Balance Sheet Model of the Firm
The assets of the firm must be supported by the firm obtaining financing. The accounting balance sheet follows the cost principle and records asset and claims at their historic costs when added to the balance sheet. The economic balance sheet also looks at assets and claims, but uses current market values
Bond
A security representing the long-term debt of a company
Bank Loan
Indirect financing where the company borrows funds from a bank, which gets those funds from savers. These claims are not traded in the financial markets
Preferred Stock
A type of stock whose holders are given certain priority over common shareholders in the payment of dividends. Usually the dividend rate is fixed at the time of issue and no voting rights are given
Common Stock
Equity claims held by the “residual owners” of the firm who are the last to receive any distribution of earnings or assets
Privately held company
A company that raises capital by selling their securities directly to investors rather than the general public
Publicly Traded Corporations
Corporations who fulfill registration and reporting requirements and are authorized to sell financial securities to the general public
Primary Market Transaction
Corporations and other organizations, with the assistance of investment banks, create financial securities and issue them to the investing public. This is how companies raise capital.

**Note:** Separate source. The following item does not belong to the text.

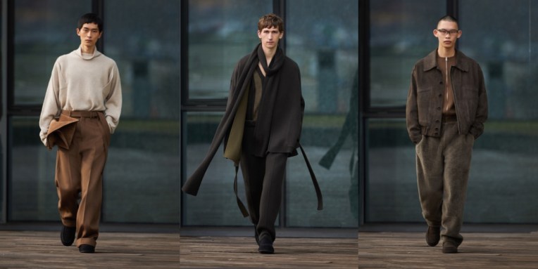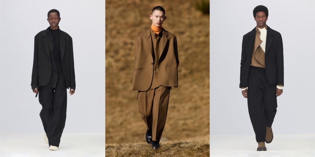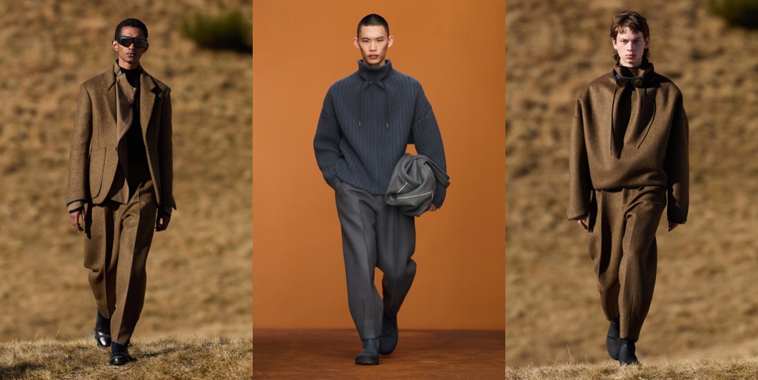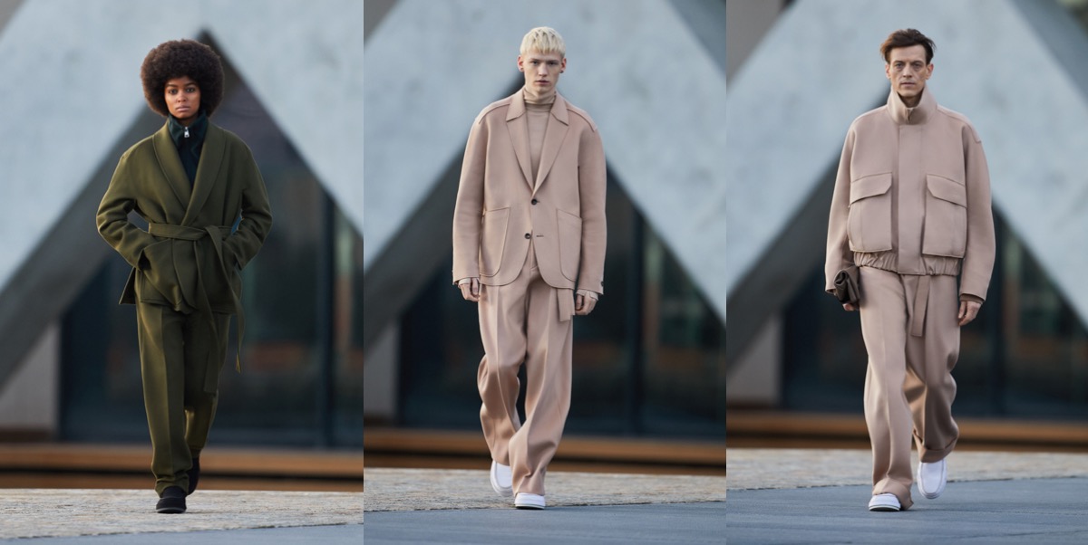 Men’s Milan Fashion Week has officially started! And here’s lesson number one: you just can’t go wrong with Zegna. I know it myself – I’ve got a couple of my dad’s clothes coming from the brand, and really, this brand is not just timeless, but its quality is indestructible. Alessandro Sartori, Zegna’s creative director, embraces what the Italian brand stands for with every season, delivering absolutely desirable, refined and relevant investment pieces for a contemporary man. For autumn-winter 2022, Sartori said he was presenting “il nuovo abito“: the new suit. Yet this collection represented something far bolder than that. It was a tilt at meeting that migration by erasing the categorical imperatives that have long codified menswear. These old-fashioned either-ors include formal and casual, sartorial and sporting, street and fashion, executive and worker, masculine and feminine – all of them habit-forming dichotomies that signpost the traditional menswear roadmap. This shift came in sync with multiple others in Zegna’s landscape. Early last month the company dropped the Ermenegildo from its title and also quietly phased out the really excellent sub-brand Z Zegna in order to combine everything under one mainline menswear empire. The simplification is meant to add emphasis to the Zegna identity, which is now represented by a signifier-logo that sandwiches the brand name within two vicuna-toned strips of brown with a strip of black between them. The logo represents the road that winds through the 100 km2 of land – the Oasi Zegna – that the original Ermenegildo purchased, reforested, and conserved in order to increase the quality of life and wellbeing of the employees and their families at the original Zegna lanificio, which continues to operate today. Another categorical dichotomy that Sartori has worked to blur is that of physical vs digital – fashion-wise, phygital was first coined here back in 2020. Today’s presentation had been planned as what Sartori today called “metatheater – not the metaverse – a combination of cinema, fashion, and live… My goal is a digital background to a live presentation, and I am sure we will do it in June.” The latest offering was shot between the Oasi Zegna and a Milan TV studio over five days. But those clothes don’t need any additional, fancy background. A dark, gabardine jacket that featured an eye-catchingly unorthodox notch lapel construction, no bolstering material in the shoulder, and no buttons at its split cuff. This was worn atop matching pants, vaguely carrot shaped like most here, and the handsome galvanized slip-on ankle boots that were also shown on most looks treading through the snow in the Oasi. Under the jacket was an oatily-toned midlayer that featured a one-sided, curved flap that lent the look a roguish, piratic air. When the model took the jacket off, it turned out that midlayer was a soberly silhouetted technical turtleneck whose curving came from the shape of the zippers running across the body. You could see the fossilized remains of both sportswear and tailoring in the look’s elements, but when worn as an ensemble it did, indeed, look like an outfit that was uncategorizable as either. Other highlights included sharply silhouetted deformalized jackets and pants in ultra-thin padded fabrics, parkas in wool ripstop, and shirting with fabric-soft panels of leather cut into their cashmere whole. Knitwear featured tonal jacquards whose abstract shapes reflected the patches of forest and snow they were shot against. Whether in camel hair, scuba, or cashmere, the shacket-and-pant fusion ensemble – a luxury-chore-jacket-workwear outfit meets supremely-soft pajama – was well represented and made a powerful candidate for Sartori’s post-abito habit.

Initial Public Offering (IPO)
The original sale of a company’s securities to the public. Also called an unseasoned new issue.
Seasoned security offering (SEO)
A new public stock issued after the company’s stock has been previously issued publicly. Also called a seasoned new issue.
Rights offer
An offer that gives a current shareholder the opportunity to maintain a proportionate interest in the company before shares are offered to the public
Crowdfunding
Websites in which companies needing capital post information about their company and invite individuals to invest. Crowdfunding bypasses the traditional financial intermediaries such as investment banks and commercial banks
Institutional Investors
These organizations pool large sums of money and invest those sums in securities, real property securities, and other investment assets. Their role in the economy is to act as highly specialized investors on behalf of others
Secondary Market Transaction
An investor holding a publicly traded security sells the security to another investor. The company issuing the security is not part of this transaction. Once issued, these securities are traded among investors.
Direct Financing
Involves companies issuing financial securities through the financial markets to expand and build their operations
Indirect Financing
Involves financial institutions that are intermediaries between savers and borrowers.
Investment Bank
A financial intermediary who provides a variety of services including aiding in the sale of securities, facilitating mergers and other corporate reorganizations, acting as brokers to both individuals and institutional clients, and trading for their own account.
Intermediary
An institution that acts as a middleman, providing services to those with funds to invest and those who need funds
Commercial Bank
A financial intermediary that serves as an interface with savers and borrowers. These banks accept deposits from savers that offer safety and a rate of return. They then lend these funds out to individuals and businesses who need to borrow. Banks make a profit by lending out funds at an interest rate that is higher than the rate they pay to their depositors
Financial Markets
Markets in which financial securities are issued and traded
Exchanges
Organized public markets where companies list their securities for trading by investors. These listed securities must adhere to securities laws and regulations to be traded on these public markets. The exchanges provide a legal platform to ensure that the commitments made by participants are realized. Exchanges are generally organized as profit-seeking companies.
Over-the-Counter Markets
Are not centralized trading places but rather systems by which dealers can offer to buy and sell securities among themselves and to their customers
Dealer
A market maker that maintains an inventory and stands ready to buy and sell at any time. The dealer makes a profit through the spread: by buying an asset at one price and selling the asset at a higher price.
Broker
An entity that brings security buyers and sellers together but does not maintain an inventory. The broker makes a profit via a commission paid for services rendered in facilitating the trade.
Bootstrapping
Involves using personal savings, selling personal assets, borrowing against assets, using credit cards, and tkaing on personal loans to raise capital.
Venture Capital
Venture capitalists develop businesses into viable, profitable companies through their investment of capital that more traditional investors may not make.
Efficient Market
A market in which the price of the asset reflects its economic value
Efficient Market Hypothesis (EMH)
States that prices of securities fully reflect available information. Investors buying bonds and stocks should expect to obtain an equilibrium rate of return. Firms should expect to receive the fair value for the securities they sell
Technical Analysis
Seeks to predict future price movements by identifying patterns and relationships in historic market information and then using these patterns to predict future prices.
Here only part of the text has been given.